Forty Five and Counting

September 17, 2011

With forty five days remaining until November 1, we are taking VXX profits and using part to help fund a protective portfolio re-alignment.

On May 28, 2011, with $ 1,000,000 in cash, we had 3 choices.

#1 – Stay fully invested in the equity market. Usingthe S&P 500 as a market surrogate, we would now be down $90,000, unrealized, offset by $6,700 in dividends resulting in a net negative result of  $83,000 – ( minus 8.3% ) ….or

#2 – Totally withdraw to the sidelines and go to cash via money market funds of banks or brokers, watch our capital earn virtually nothing and be eroded by inflation.

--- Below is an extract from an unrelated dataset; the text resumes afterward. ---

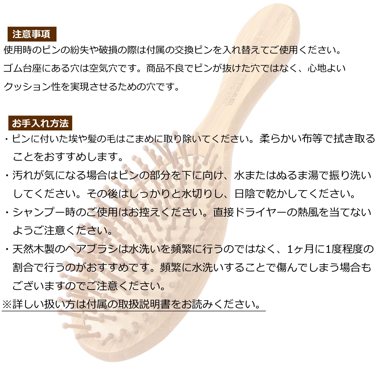 We are using hair-friendly natural bamboo so you can use it with confidence without worry of static electricity.
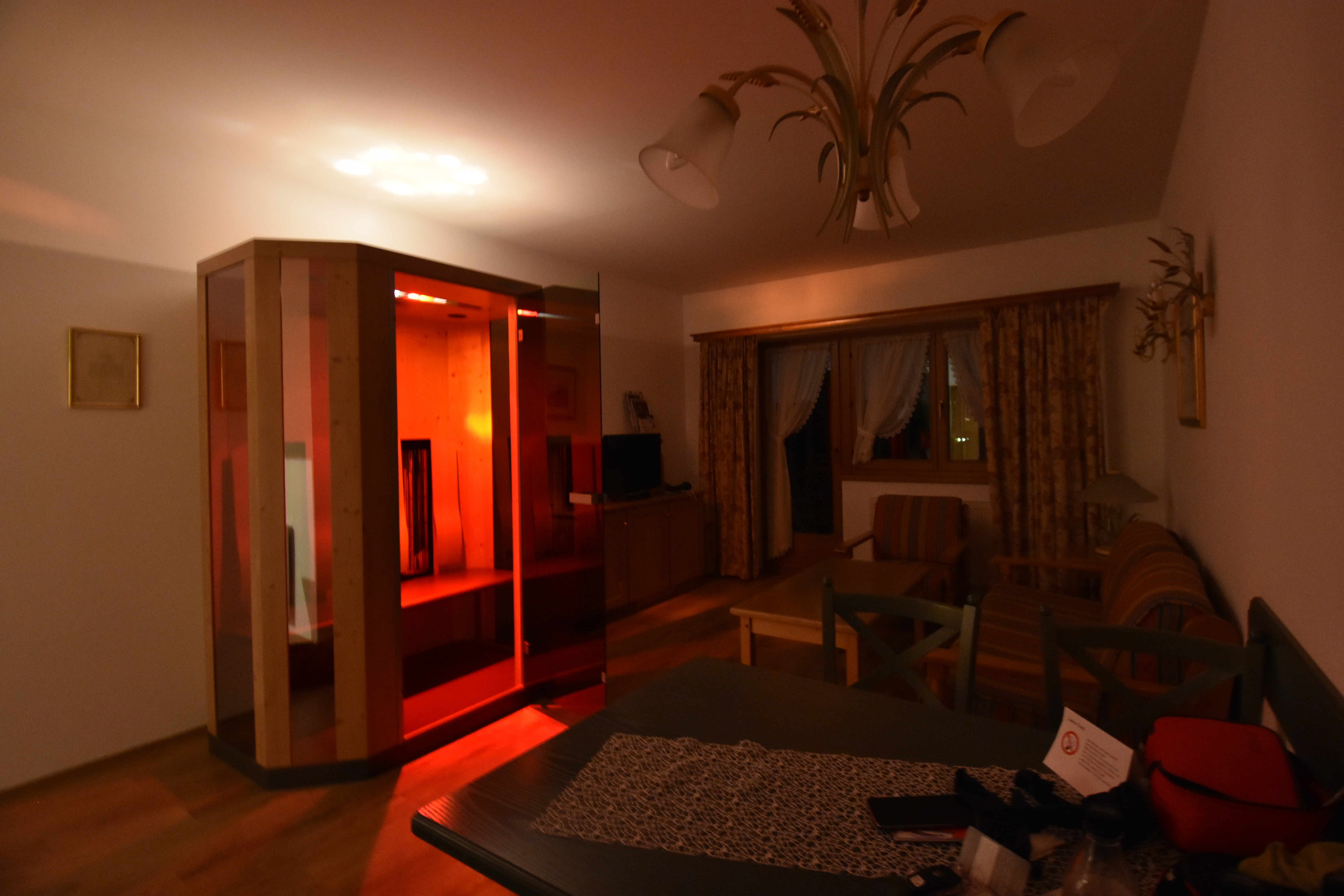But it was actually nice. I was staying at the Cordial Golf & Wellness Hotel Kitzbühel, and they had a nice sauna & pool area "Römerbad" downstairs. But in addition there was a the infrared box in my room, and it was actually good to stay in there for 10 minutes after coming back from the slopes. Warms up your back...

#3 – Design a $1,000,000 May / Go Away Portfolio, ( which we did ), and watch it lose only $171 – while earning interest and dividends of $ 10, 929 for the 4 months ( positive 3.28% per annum )

Since May 28 the May / Go Away design has beaten the S&P 500 by 11.58%.

Call it luck, or good timing or we can just say maybe the ” Play till May ” refrain continues to have some relevence as an action guide.

For us, there is nothing slavishly compelling about this idea. We say Go Away in May unless there are compelling techno / fundamental reasons to stay invested. We will re-enter the market in November providing there aren’t compelling reasons to be defensive.

We are now ( unequally % ) invested in the symbols shown below. To determine our percent allocation for each symbol…just ask.

As always this information is free to family, friends, former associates and those new to self directed IRAs.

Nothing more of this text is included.